Дон Чезаре пытался рассказать Мариетте о единственной своей несчастной
любви. Это оказалось не так-то легко. Мариетта никуда из Порто-Манакоре не
выезжала, ни разу в жизни на ее памяти никто не посмел усомниться в
могуществе ее хозяина.
Только когда он перешел к изменам Люсьены, Мариетта встрепенулась.
- А вы бы взяли да прогнали ее! - воскликнула она.
Он и в самом деле прогнал Люсьену. Кстати, в тот день она ничуть не
сильнее оскорбила его, чем обычно. Просто болтала с кем-то по телефону -
он не знал с кем, - шутила, и все это с явным вызовом в его адрес...
Да-разве такие еще унижения он от нее терпел? Но в эту самую минуту он
понял, что уже вышел из-под власти навязанного ею закона. Он вдруг увидел
ее и себя рядом с ней, в их квартирке на улице Спонтини: он сидит на
постели, она болтает по телефону, - увидел их обоих такими, какими они
были в действительности, но так, как увидел бы со стороны двух любовников,
только это не были ни он, ни она, а, скажем, любовники на театральных
подмостках, или так, как увидел бы их хромой бес, приподнявший крышу дома.
В боях на Пьяве австрийская пуля угодила ему в ляжку, только через двое
суток удалось эвакуировать его в лазарет; а в течение этих двух суток
пуля, отдававшаяся непереносимой болью во всем теле, стала как бы частью
его самого, самой неотъемлемой частью: временами он полностью отождествлял
себя с этим кусочком металла, вонзившимся в человеческое тело и
разливавшим вокруг себя боль; его захлороформировали, а когда он
проснулся, пуля лежала на столике у изголовья постели, нечто совсем
постороннее, безвредное, безобидное. Совсем так получилось и с его
любовью, когда перестал действовать навязываемый ею закон. Он с удивлением
смотрел на Люсьену и на того человека, который страстно любил эту Люсьену,
на него и на нее, на двух отныне чужих друг другу людей. И он тут же
прогнал прочь неверную свою подругу.
Он глядел ей вслед, когда она спускалась с лестницы, таща свои
чемоданы. На половине марша она обернула к нему свое залитое слезами лицо,
то самое лицо, которое еще накануне наполняло его счастьем или страхом,
каждое выражение которого врезалось в самое сердце; впервые он видел ее
плачущей. Но он уже "потерял к ней интерес".
Несколько раз она появлялась в его снах, и он терзался от ревности, как
во времена своей любви. Он видел, как спускается она с лестницы в день их
разлуки, но только теперь она обращала к нему не заплаканное, а сияющее
радостью лицо. "Иду к своему любовнику", - говорила она. Потом он изгнал
ее даже из своих сновидений.
- Бог знает, жива ли она еще, - вздохнула Мариетта.
- Я о ней больше никогда и не вспоминал, - ответил дон Чезаре.
И впрямь, вспомнил он о ней лишь в час своей кончины, и то потому, что
жесткий взгляд Мариетты напомнил ему такой же жесткий взгляд Люсьены.

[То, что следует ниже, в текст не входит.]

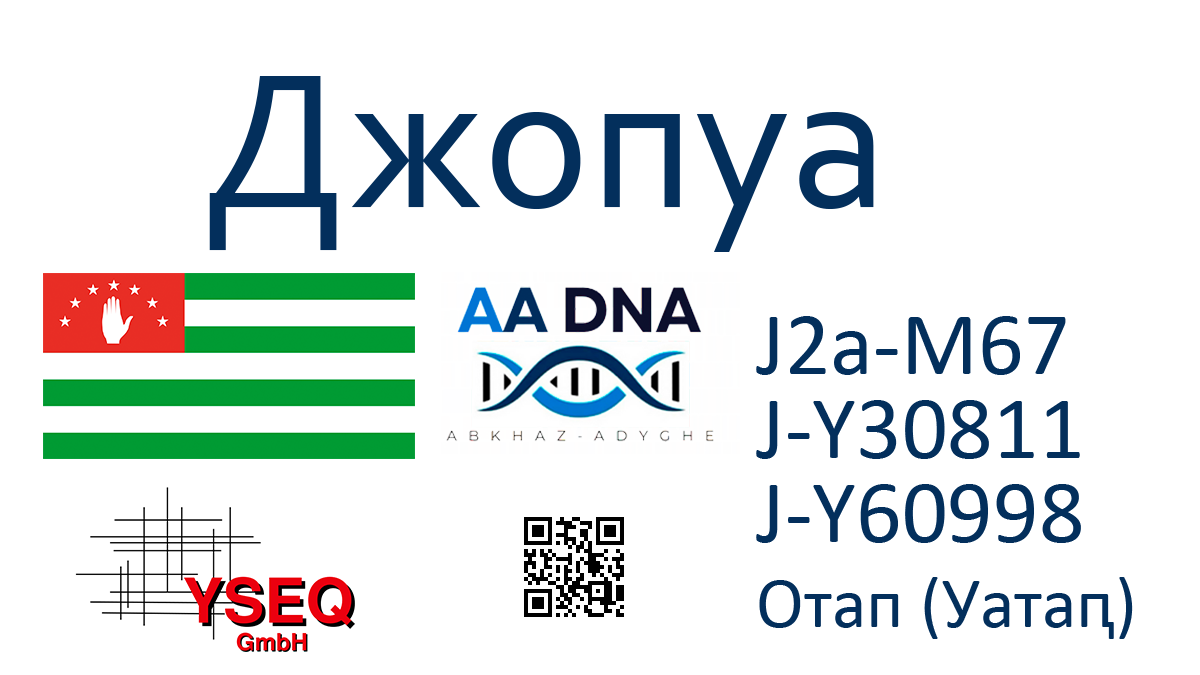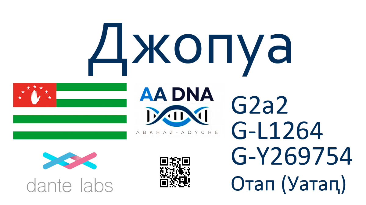 Фамилия: Джопуа (Џьапуа)Субэтнос: Абхазы (Абжуйцы)Населенный пункт: c. ОтапГаплогруппа: G2a2 > L1264 > S9409 > G-Y269754 История Протестированные принадлежат к абхазской крестьянской (анхаҩы) фамилии Джопуа (Џьапуа) из села Отап (Уатаԥ). Согласно легенде (рассказано Джонуа Борисом Георгиевичем со слов Джопуа Франкила Аслановича) в древние времена род Джопуа проживал в районе Сочи (Шәача) в местечке под названием Лес … Читать далее
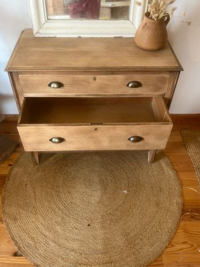 Commode ancienne en chêne massif brut 3 tiroirs Pieds compas Hauteur 78cm Longueur 89cm Profondeur 45cm Le prix comprend la livraison en France votre domicile par transporteur Nordic - home.fr
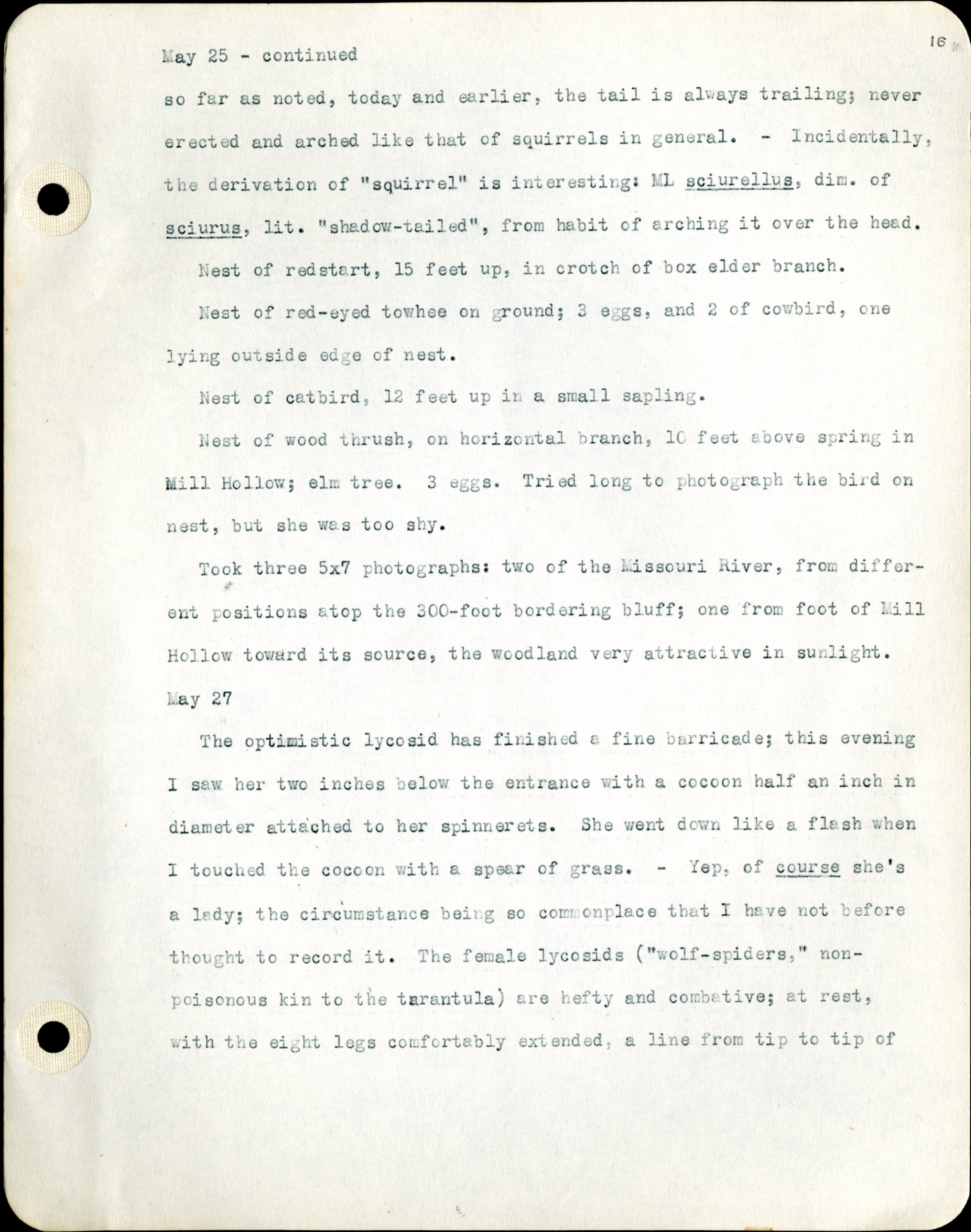 Frank H. Shoemaker typescript, 46 pages, detailing bird sightings, field trips, photography, and associated activities in Omaha, Nebraska.
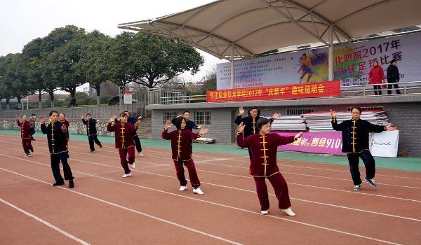 上午9点,学院太极协会的42式太极表演首先奏响了趣味运动会的序曲,11位会员以柔克刚的拳法和行云流水的步伐赢得了在场教职工的阵阵掌声,随后广场舞协会表演了欢乐喜庆的舞蹈《舞动中国》,体育与舞蹈协会成员动作整齐划一地表演了《第九套广播体操》。
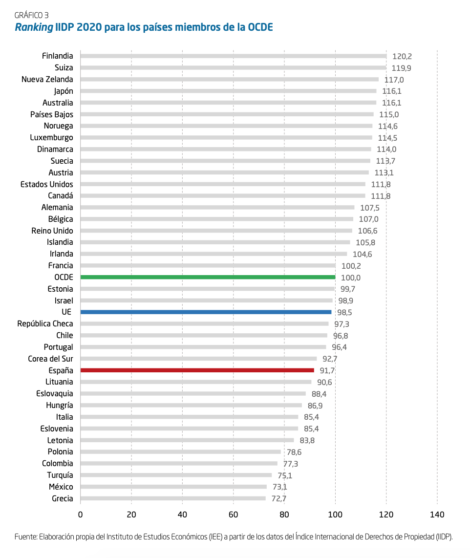 En cambio, en el caso de España vemos que nuestro resultado nos relega a la zona baja de la tabla. Figuramos, pues, entre los países de la OCDE que peor protegen la propiedad privada, con una nota de 91,7 puntos que nos coloca a la altura de Lituania.

"Почему, ну почему сунула Мариетта бумажник швейцарца в карман Маттео
Бриганте? У Пиппо огневые очи, он сама нежность, настоящий романтический
предводитель разбойников. Но настанет такой день, - думал дон Чезаре, - и
день этот не за горами, когда Мариетта предложит Маттео Бриганте
объединиться с ней, дабы навязать еще более неумолимый закон батракам на
своей оливковой плантации и на своих плантациях апельсиновых и лимонных".


Они ждали судью. Мариетта думала о том, какие огромные деньги просадил
дон Чезаре на эту Люсьену; дон Чезаре думал о том, что вся его жизнь была
построена на сплошных самоограничениях.
Был он и игрок, и выпивоха, как большинство офицеров их полка. Да и
почему бы ему не пить и не играть? Даже суровый кодекс офицерской чести не
запрещал ни выпивок, ни карточных игр. Но вот в один прекрасный день он
разглядел в чертах своего лица - лицо игрока, то есть человека, чье
поведение обусловлено привычкой к игре, для которого игра - это уже закон.
И, увидев такого человека, он уже видел его как чужого себе. В тот же день
он бросил играть.
Через всю жизнь он пронес нерушимым единственный для него моральный
закон - сохранить себя для некоего дела, которого он так и не совершил.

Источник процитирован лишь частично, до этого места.